▸ Data block:
......

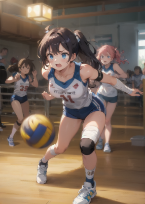 (((masterpiece))), (((best quality))), (((ultra detailed))), (((high-resolution))), ((super fine illustration)), ((Ultimate cutie)),clear looks, improve facial expressions, make facial expressions clear,(((Beautiful spherical shape a blue-yellow volleyball))), (sweat), steam, dynamic angle, dynamic motion,sense of depth, lighting,(dynamic pose), ((indoor)), motion blur, full body,BREAK,(lightweight parka jacket),(thin long-sleeve t-shirt),(dark blue training shorts), (gray running shoes),medium breasts,
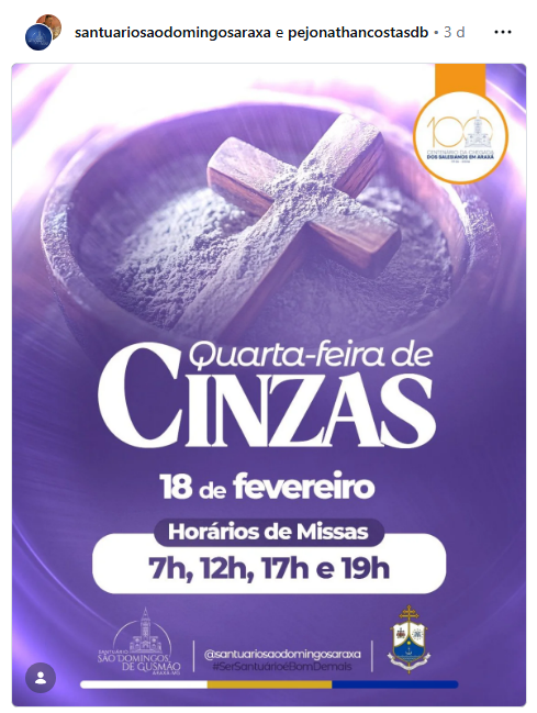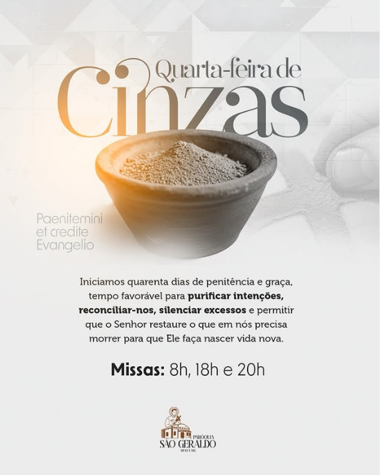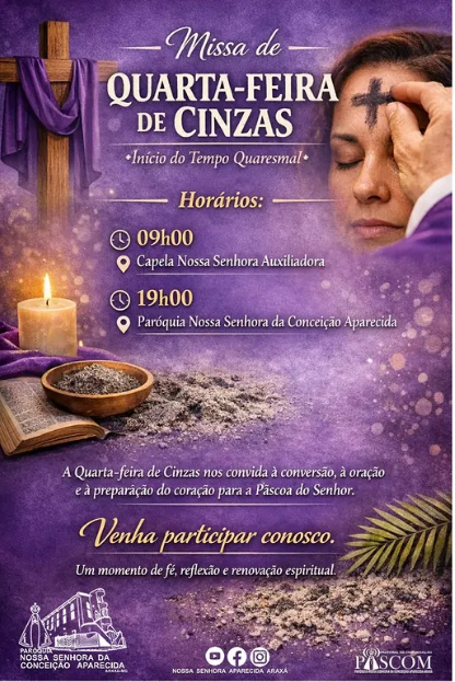 A Quarta-feira de Cinzas marca o começo da Quaresma, período de 40 dias que antecede a Semana Santa. É um tempo dedicado à oração, ao jejum, à penitência e à conversão.
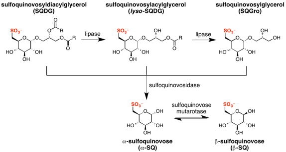 Sulfoquinovose is rarely found in its free form in nature; rather it occurs predominantly as a glycoside, SQDG. SQDG can be deacylated to form lyso-SQDG and sulfoquinovosylglycerol (SQGro).[14][15][16] Sulfoquinovose is obtained from SQ glycosides by the action of sulfoquinovosidases, which are glycoside hydrolases that can hydrolyse the glycosidic linkage in SQDG, or its deacylated form, sulfoquinovosyl glycerol (SQGro).[17]

......

▸ Work instruction: Give back the full data exactly as it reads, but drop the pictures.

▸ Expected answer:
 (((masterpiece))), (((best quality))), (((ultra detailed))), (((high-resolution))), ((super fine illustration)), ((Ultimate cutie)),clear looks, improve facial expressions, make facial expressions clear,(((Beautiful spherical shape a blue-yellow volleyball))), (sweat), steam, dynamic angle, dynamic motion,sense of depth, lighting,(dynamic pose), ((indoor)), motion blur, full body,BREAK,(lightweight parka jacket),(thin long-sleeve t-shirt),(dark blue training shorts), (gray running shoes),medium breasts,
 A Quarta-feira de Cinzas marca o começo da Quaresma, período de 40 dias que antecede a Semana Santa. É um tempo dedicado à oração, ao jejum, à penitência e à conversão.
 Sulfoquinovose is rarely found in its free form in nature; rather it occurs predominantly as a glycoside, SQDG. SQDG can be deacylated to form lyso-SQDG and sulfoquinovosylglycerol (SQGro).[14][15][16] Sulfoquinovose is obtained from SQ glycosides by the action of sulfoquinovosidases, which are glycoside hydrolases that can hydrolyse the glycosidic linkage in SQDG, or its deacylated form, sulfoquinovosyl glycerol (SQGro).[17]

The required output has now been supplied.